Ray menghela nafas berat. Dari mereka bersepuluh, Destiny adalah yang paling ia sayang. Ia selalu lemah ketika menghadapi gadis ini, dan cenderung menuruti setiap keinginannya. Tapi itu dulu. Ia sekarang bukanlah sosok itu. Smiling Demon sudah lama mati...

"Menjauhlah dariku, Des. I'm not who i used to. No more SD, no Ammit. Just Ray. Nasehat terakhirku untukmu, tinggalkan dunia itu sekarang, dan pergi sejauh mungkin..."

"Kemana Ray? Aku hanya punya satu rumah. Aku sepuluh bersaudara, 2 diantara mereka mati dan 1 berhianat lalu memburu kami. Katakan padaku, aku mesti kemana?!" isak Destiny keras, yang membuat badannya bergoncang keras menahan tangis yang hendak meledak. Darah mulai mengalir dari bibir yang ia gigit kuat-kuat. Kali ini, emosi itu tak lagi palsu.

"Aku tak memiliki rumah untuk pulang, Ray. Rumah yang kumiliki, dihancurkan saudaraku sendiri. Aku mesti pergi kemana??! Bantu aku, SD, FUCKI!!"

Ray segera merengkuh gadis, tanpa memperdulikan hujan pukulan yang datang darinya, ia membiarkan Destiny meluapkan emosi. Cukup lama Ray membiarkan tangis gadis itu tercurah, membuat satu-satunya baju yang ia bawa untuk keperluan meeting hari ini basah kuyup oleh tangisnya. Baru ketika isak gadis itu agak mereda, baru Ray mendorongnya dengan lembut.

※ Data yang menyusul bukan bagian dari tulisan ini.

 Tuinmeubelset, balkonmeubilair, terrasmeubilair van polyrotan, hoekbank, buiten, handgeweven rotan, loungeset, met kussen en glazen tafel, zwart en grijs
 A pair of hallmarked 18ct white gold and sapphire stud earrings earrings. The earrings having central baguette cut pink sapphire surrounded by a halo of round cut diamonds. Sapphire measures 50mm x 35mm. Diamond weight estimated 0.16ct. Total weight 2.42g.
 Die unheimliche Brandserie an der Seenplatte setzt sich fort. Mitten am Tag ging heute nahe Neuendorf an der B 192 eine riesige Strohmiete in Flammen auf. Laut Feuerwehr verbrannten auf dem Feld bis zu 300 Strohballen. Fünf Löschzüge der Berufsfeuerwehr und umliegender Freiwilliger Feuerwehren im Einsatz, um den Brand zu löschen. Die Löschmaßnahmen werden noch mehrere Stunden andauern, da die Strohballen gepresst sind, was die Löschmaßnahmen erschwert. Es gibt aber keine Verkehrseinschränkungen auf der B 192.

"Berikan kuncinya. Sudah cukup lama aku tak mengendari mobil mewah begini."

Sorot mata terkejut bercampur kebahagiaan yang muncul di mata lebar yang saat ini sembab penuh air mata itu sungguh nyaris membuat pertahanan mental Ray runtuh.

"Jangan berpikiran yang tidak-tidak. Aku cuma mau menghemat biaya transport ke Jakarta. Taksi online dari sini ke Jakpus hampir 200rb, dan aku tak memiliki terlalu banyak uang untuk dibuang."

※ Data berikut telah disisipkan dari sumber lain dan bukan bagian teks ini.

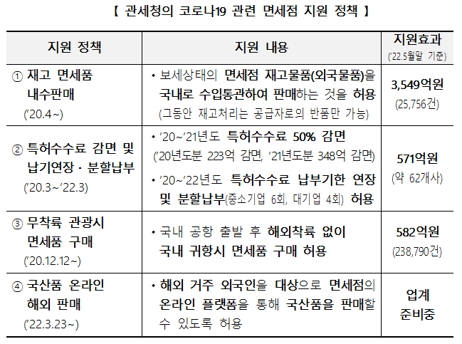 그간 관세청은 코로나19로 침체된 면세산업 지원을 위하여 재고면세품 내수판매, 특허수수료 분할납부·납기연장, 무착륙 관광비행시 면세품 판매 허용 등의 정책을 적극 펼쳤다.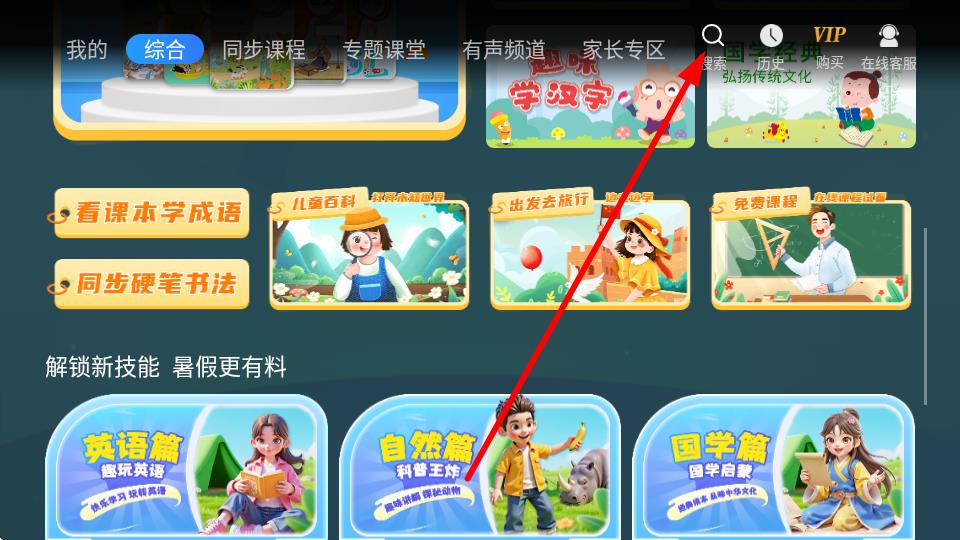 1、打開同步小學課堂APP進入主界面,點擊右上方的搜索圖標。
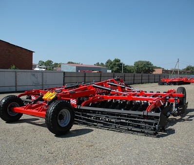 Большая рабочая скорость обработки (до 18 км/ч) позволяет достигать превосходного эффекта измельчения, перемешивания и улучшения крошения почвенного комка, благодаря полному перекрытию рабочей ширины рабочими органами и сдвоенным опорным шлейф-каткам разного диаметра. Вибрация пружинной стойки во время работы дополнительно улучшает крошение почвы. Глубина обработки до 12 см регулируется винтовым механизмом передних опорных колес и задними опорными катками. Сферические диски Bellota диаметром 560 мм установлены наклонно, на индивидуальных пружинных стойках Bellota в 2 ряда, что способствует лучшему обороту отрезаемого пласта, а также снижению требуемого тягового усилия трактора.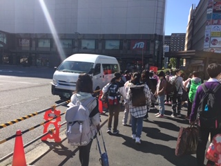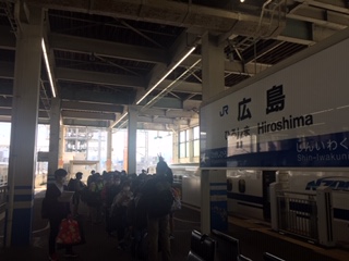 ヒロシマに到着しました。お天気もよく、午後の活動も問題なくできます。ぽかぽかした陽気がとても気持ちよく、絶好の修学旅行日和です。

Gadis itu kembali menjulurkan lidah dengan centil, mengeluarkan kunci dari dalam tas kecilnya dan nyaris berjingkrak memutari badan mobil untuk masuk ke sisi penumpang. Senyum ceria yang ia paksakan untuk muncul di wajah penuh bekas air mata itu makin membuatnya terlihat menyedihkan.

"Anything you say, Amm, Ray, sorry. I'm just missing you, that's all..." ujarnya lagi.

Ray termenung, dan sungguh-sungguh berharap ia memiliki kemampuan untuk bisa bilang "menjauhlah dariku..." tapi nampaknya ia salah. Lagi-lagi, sepertinya ia akan kembali melakukan hal yang akan ia sesali.